_Records from a collection_
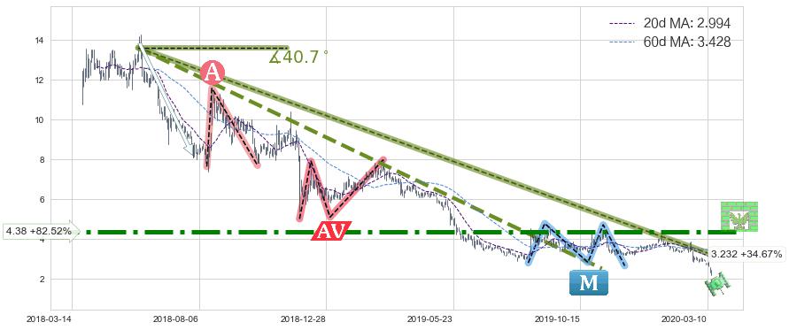 ♘ 阻力价格位4.38,可信任强度87.00%,距离最后交易2020-03-13形成的收盘价格2.400相差 +82.52%
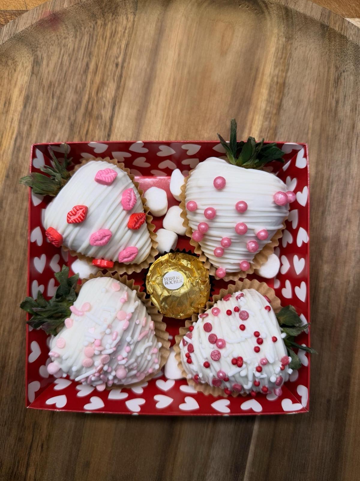 4 Chocolate Covered Strawberries with Valentines Day decor
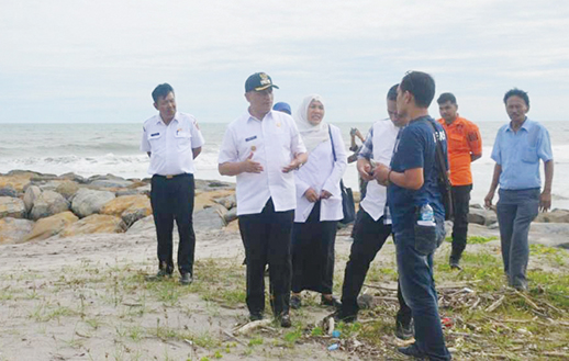 Wakil Bupati Agam, Irwan Fikri, SH Dt. Parpatiah saat meninjau lokasi abrasi, Rabu (3/8) mengatakan, pengikisan bibir pantai itu berpotensi memberikan ancaman besar terhadap pemukiman masyarakat.
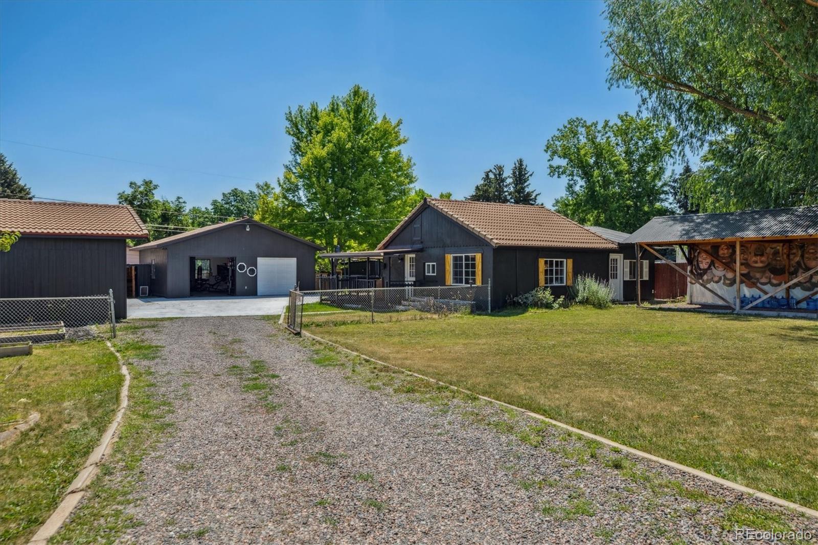 Experience the best of both worlds—peaceful country living with easy access to the mountains and the city—enjoy this rare Bonvue gem. Nestled on a private, tree-lined 15,682 sq ft/.36 acre lot, with NO HOA, this unique property offers space, serenity, and endless potential. The main home is complemented by a detached 2-car garage, two additional carports, and five versatile outbuildings—ideal for hobbies, storage, or future expansion. There is a covered patio with wood & concrete decking to enjoy summer BBQ, with lush grounds that are beautifully landscaped with mature trees, open lawns, and ample space for gardening or raised flower beds. A private gate offers direct access to Lakewood Park, which includes tennis courts and recreation fields—perfect for outdoor enthusiasts and Frisbee golfers. Conveniently located just minutes from Belmar shopping and dining, Main Street Lakewood, and the expansive William Frederick Hayden Park with over 2,400 acres of open space. Zoning Large Lot Residential. Near Colorado Christian University, this property is a rare find with room to grow. Hobbies: Dream. Don’t miss this unique opportunity to create your ideal lifestyle in a special setting! This property comes with yard Hydrant & Ditch water options. $200 Annually.
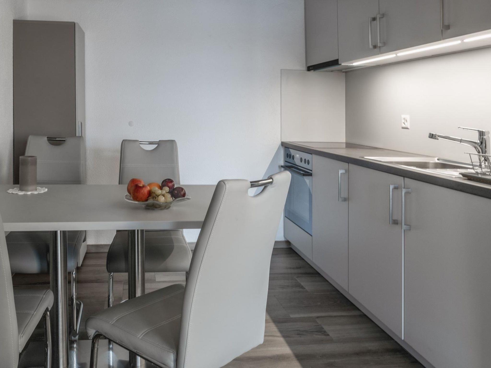Die renovierte Ferienwohnung ist ideal für 2 bis 4 Personen und besteht aus einem Schlafzimmer mit Doppelbett (zwei getrennte Matratzen, 180x200 cm) sowie einem Wohnraum mit Schlafsofa. Die Küche ist vollständig ausgestattet und das Badezimmer verfügt über Dusche und WC.
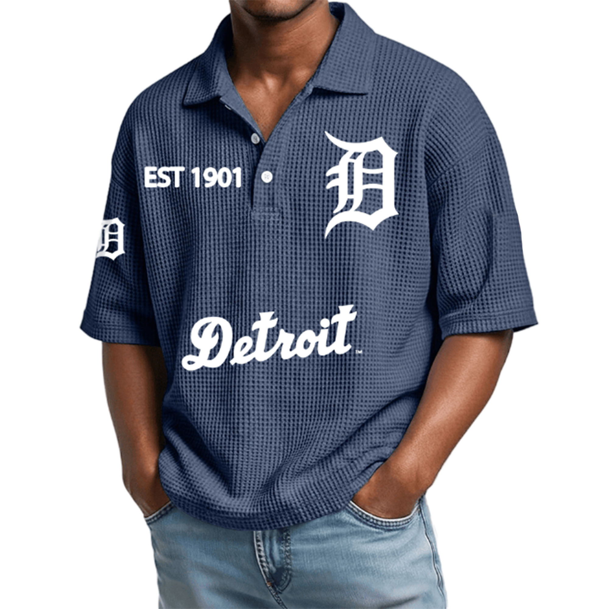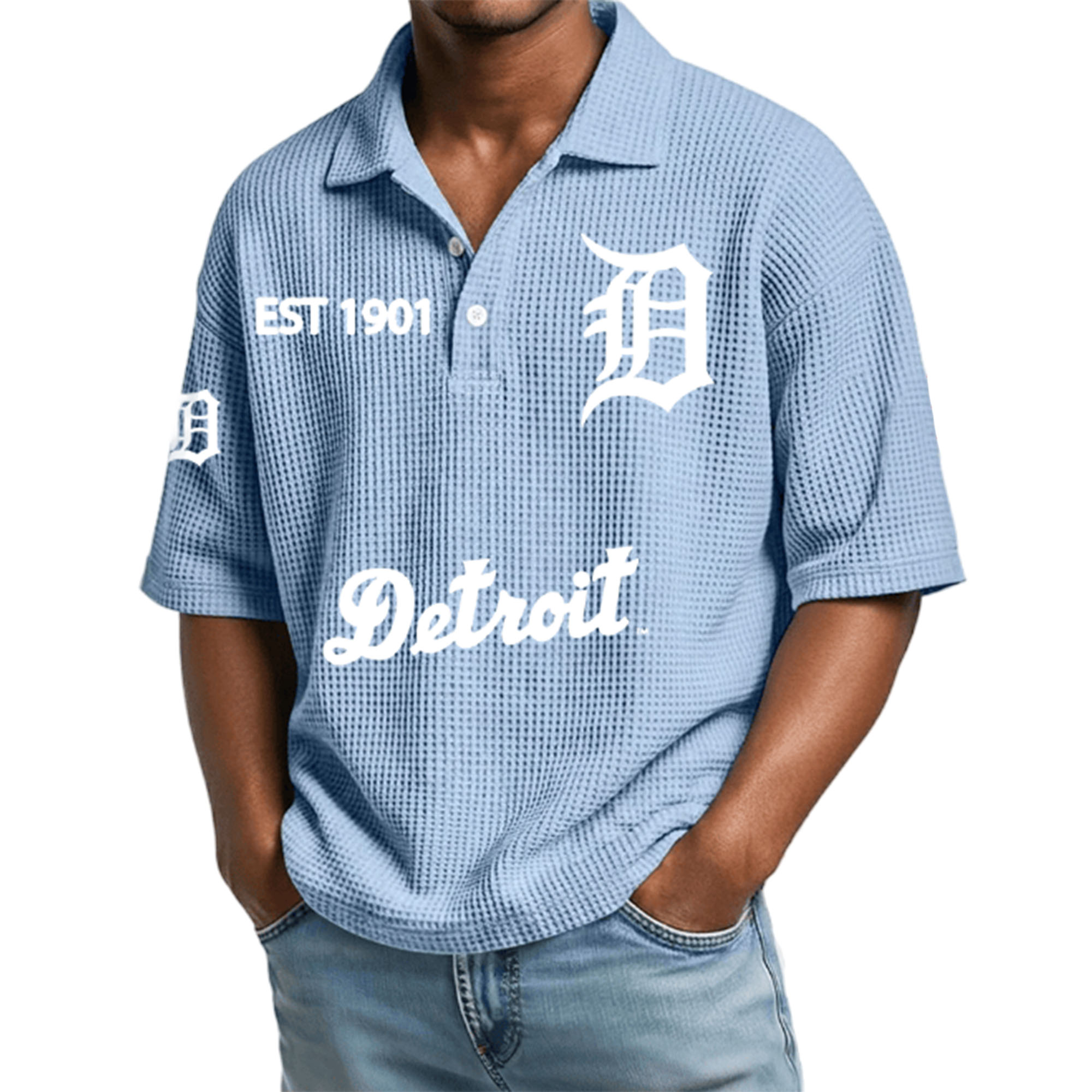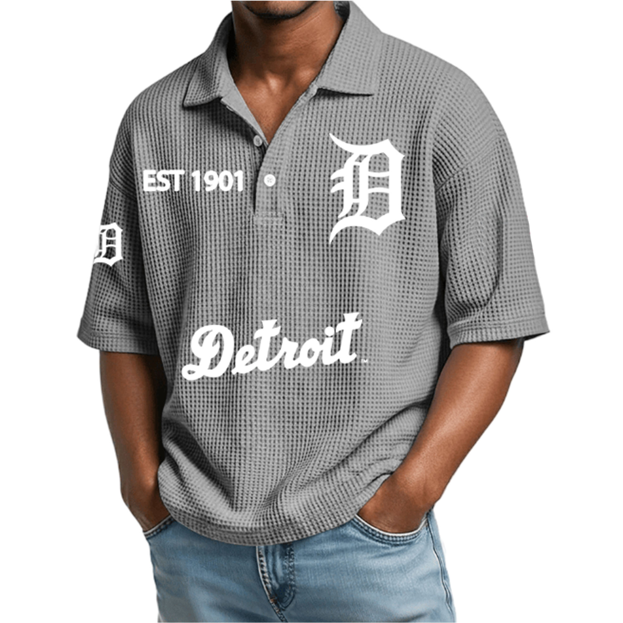 The Detroit EST 1901 Waffle Polo Shirt is becoming a favorite in everyday fashion thanks to its simple look and city-inspired details. The prominent D logo and Detroit lettering create a strong, distinctive identity without being overly flashy. With its textured and comfortable fabric, this polo shirt is perfectly suited to everyday fashion trends, especially for those who prefer simple yet stylish outfits.

_Exercise instructions_
Repeat only the lines from the one with "Die renovierte Ferienwohnung" through the end of the data, both included and exactly as written. Pictures stay out of the copy.

_Solution for this problem_
Die renovierte Ferienwohnung ist ideal für 2 bis 4 Personen und besteht aus einem Schlafzimmer mit Doppelbett (zwei getrennte Matratzen, 180x200 cm) sowie einem Wohnraum mit Schlafsofa. Die Küche ist vollständig ausgestattet und das Badezimmer verfügt über Dusche und WC.
 The Detroit EST 1901 Waffle Polo Shirt is becoming a favorite in everyday fashion thanks to its simple look and city-inspired details. The prominent D logo and Detroit lettering create a strong, distinctive identity without being overly flashy. With its textured and comfortable fabric, this polo shirt is perfectly suited to everyday fashion trends, especially for those who prefer simple yet stylish outfits.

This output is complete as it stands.